A work-around to remove message duplication in this scenario could be to have
the container filter out messages that are about to be processed by a
TaskInstance that's already seen them. In my original example, the container
knows that TaskInstance-1 has seen offset 7, so it could simply filter out any
messages from BroadcastStream1-partition-0 for TaskInstance-1 where the offset
is <= 7.
I *think* that this should work, but it seems like a lot of special-case logic.
I wonder if there's a more elegant solution. In addition, this approach would
require us to dictate a sort ordering to offsets, which we haven't committed to
so far (even though they are sorted in Kafka).

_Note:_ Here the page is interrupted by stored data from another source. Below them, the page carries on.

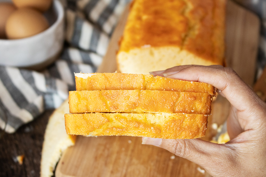 The eggs and butter will help this low carb bread moist and delicious. Do not overbake. Cook just until the edges begin to brown and a toothpick comes out clean when poked through the center of the loaf.
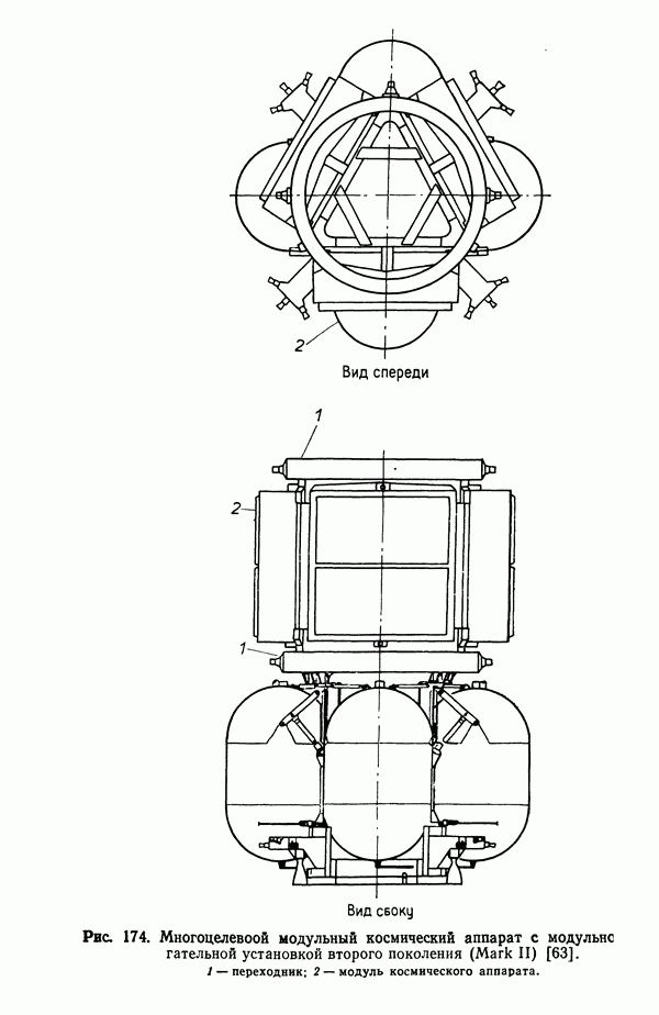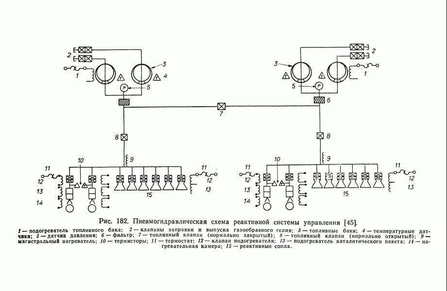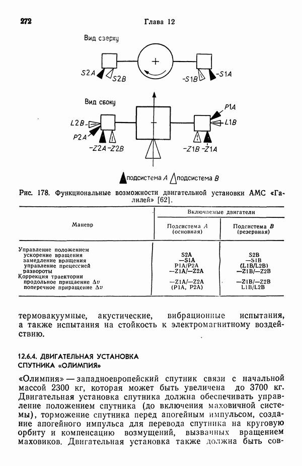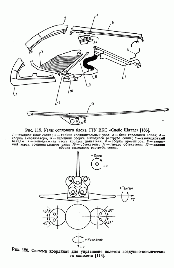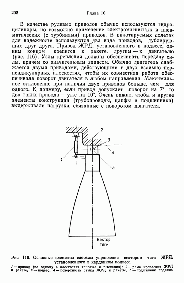и до 1 : 100 при встрече и стыковке космических аппаратов. Управление вектором тяги позволяет изменять положение космического аппарата, создавая моменты по углам тангажа, рыскания и крена. Моменты, создаваемые по углу тангажа, поднимают или опускают нос аппарата, по углу рыскания поворачивают аппарат влево или вправо, по углу крена вызывают поворот относительно его продольной оси. В общей случае вектор тяги проходит через центр масс космического аппарата и направлен вдоль его оси, поэтому управление по каналам тангажа и рыскания можно осуществлять угловы»! отклонением вектора тяги маршевого двигателя, тогда как
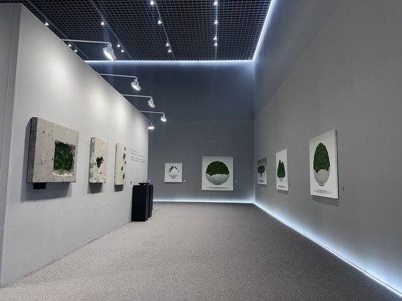 회화 작품 열여덟 점과 설치작품 두 점, 그리고 시멘트 레진과 그릇 이끼 작품 다섯 점이 전시 중이다. 이와 함께 이끼 분재 컬래버레이션 작품도 함께 선보인다. 전시장에는 고요하지만 웅장한 사운드가 잔잔히 깔리는데, 숲을 주제로 한 소리다.
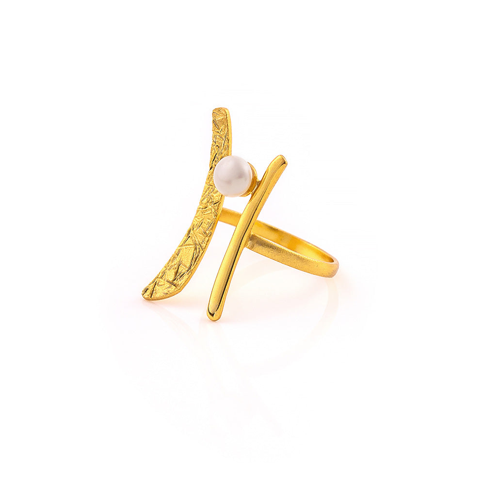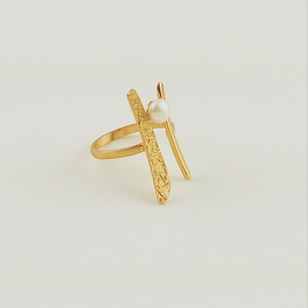 Ασημένιο δαχτυλίδι 925ο σε σχήμα παράλληλων γραμμών που συναντώνται με ένα μαργαριτάρι γλυκού νερού και δημιουργούν ένα κόσμημα στολίδι!
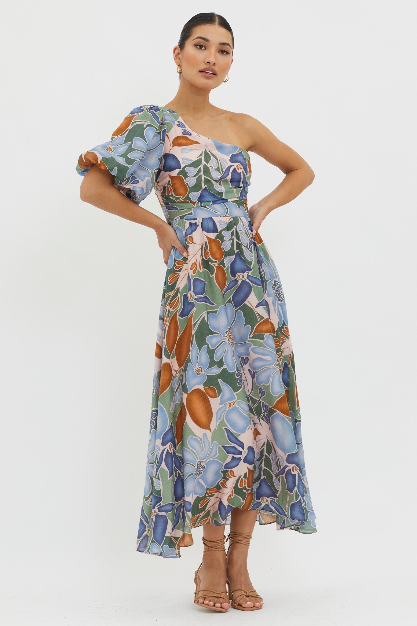 Turn heads in our pretty Jayni midi dress. Featuring a one-shoulder design and puffed sleeve, it's perfect for Sunday brunch with your girls. Team it with tan mules and a tote for an unforgettable look.
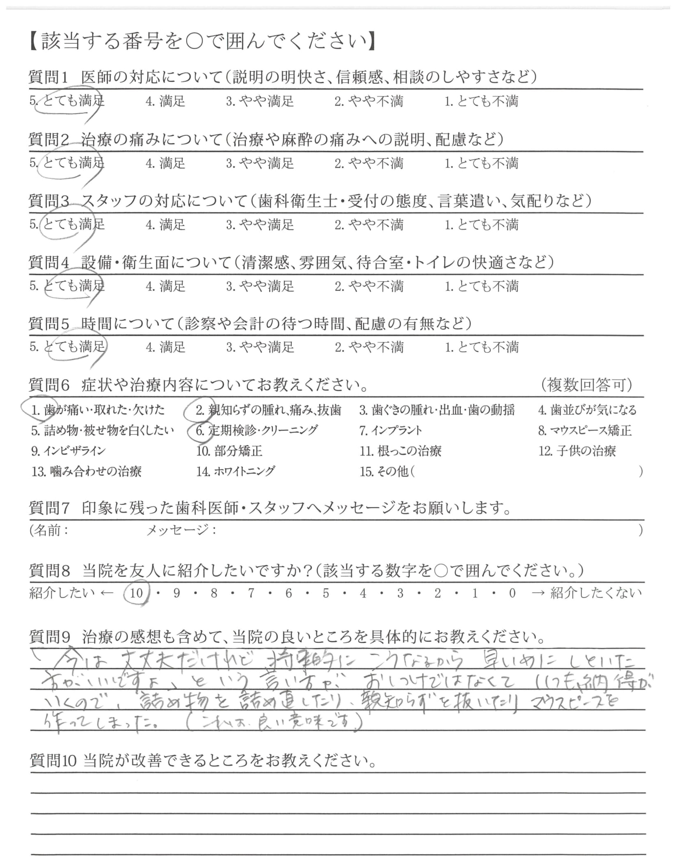 「今は大丈夫だけれど将来的にこうなるから早いめにしといた方がいいですよ」という言い方が、おしつけではなくていつも納得がいくので、詰め物を詰め直したり、親知らずを抜いたりマウスピースを作ってしまった。(これは良い意味です)
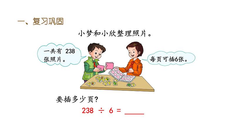 这是一份人教版三年级下册1 位置与方向(一)教学演示ppt课件,共15页。PPT课件主要包含了复习巩固,梳理笔算方法,商×除数=被除数,要插多少页,小梦和小欣整理照片,×4≈80,×3≈240,拓展提升,课堂练习等内容,欢迎下载使用。
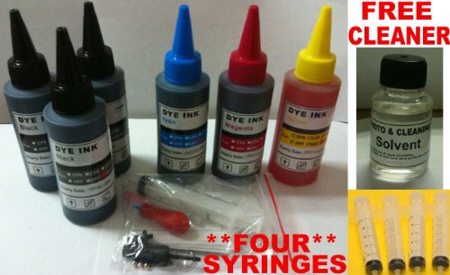 - Universal Color & Black Ink Refill kit with 4 syringes/needles & Photo & Cleaning Solvent
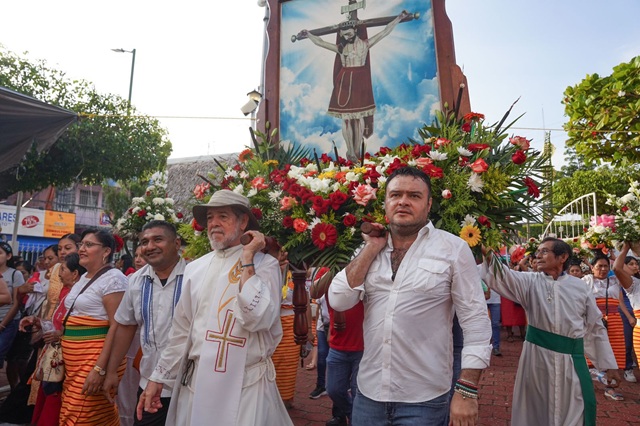 Participa alcalde de Cosoleacaque en el paseo de flores de La Preciosa Sangre de Cristo
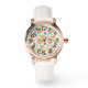 This women's watch has a mid-century modern design of concentric circles in gold, orange, and turquoise on a white background.
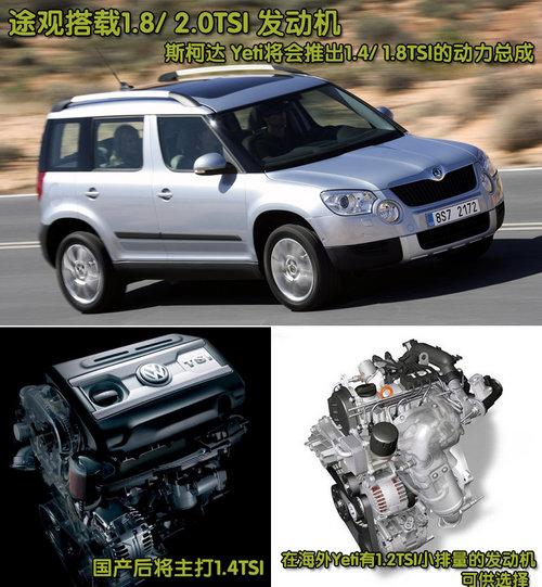 上海大眾Tiguan途觀搭載的是1.8/2.0TSI兩款發動機,而很明顯Tiguan途觀主打1.8TSI排量的車型。而即將國產的斯柯達Yeti也將推出兩款排量的發動機分別是1.4/1.8TSI,國產后因為與Tiguan途觀定位不同,走的是“低價”路線,所以國產后后的斯柯達Yeti將主推1.4TSI。在海外市場,斯柯達Yeti搭載了1.2/1.8TSI兩款汽油渦輪增壓直噴發動機和一款具有三種調教的2.0TDI柴油發動機。而1.2TSI發動機已經確定要國產,并有望出現在斯柯達Yeti的身上。
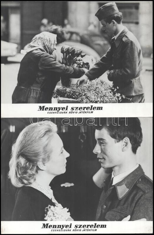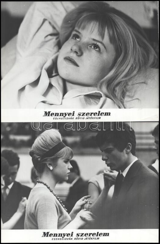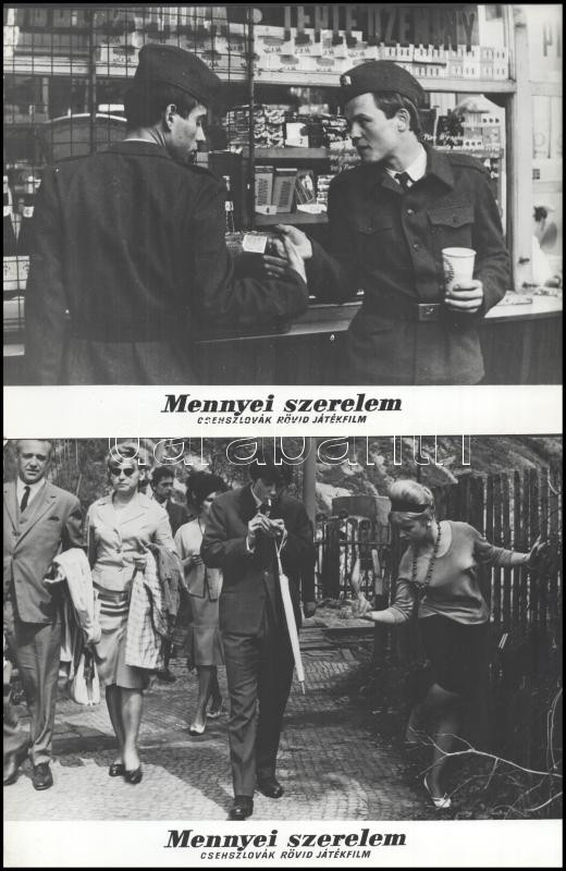 cca 1965 ,,Mennyei szerelem" című csehszlovák rövid játékfilm jelenetei és szereplői, 13 db vintage produkciós filmfotó ezüst zselatinos fotópapíron, a használatból eredő (esetleges) kisebb hibákkal, egy képen elszíneződés, 18x24 cm
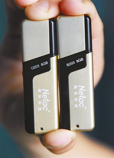 某公司的工作人员从中关村一家电子产品柜台购买的两款朗科B203系列U盘(10月20日摄)。而朗科公司服务热线工作人员称,B系列产品有专门的供应渠道,并不零售。
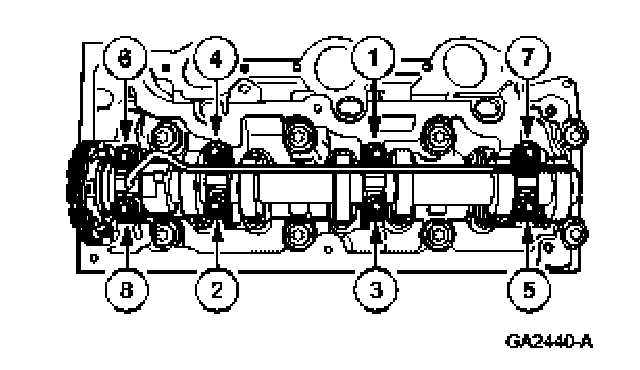 3. NOTE: The camshaft bearing caps must be installed in their original positions.
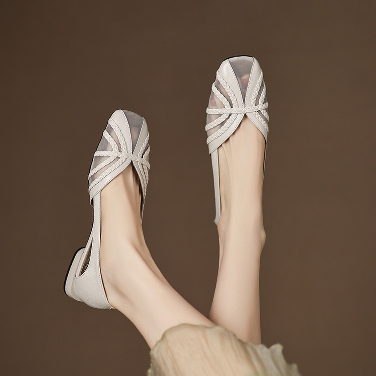 小众设计~网纱镂空拼接真皮包头凉鞋女方头夏季侧空单鞋罗马凉鞋

> Support assigning the same SSP to multiple tasknames
> ----------------------------------------------------
>
> Key: SAMZA-353
> URL: https://issues.apache.org/jira/browse/SAMZA-353
> Project: Samza
> Issue Type: Bug
> Components: container
> Affects Versions: 0.8.0
> Reporter: Jakob Homan
>
> Post SAMZA-123, it is possible to add the same SSP to multiple tasknames,
> although currently we check for this and error out if this is done. We
> should think through the implications of having the same SSP appear in
> multiple tasknames and support this if it makes sense.
> This could be used as a broadcast stream that's either added by Samza itself
> to each taskname, or individual groupers could do this as makes sense. Right
> now the container maintains a map of SSP to TaskInstance and delivers the ssp
> to that task instance. With this change, we'd need to change the map to SSP
> to Set[TaskInstance] and deliver the message to each TI in the set.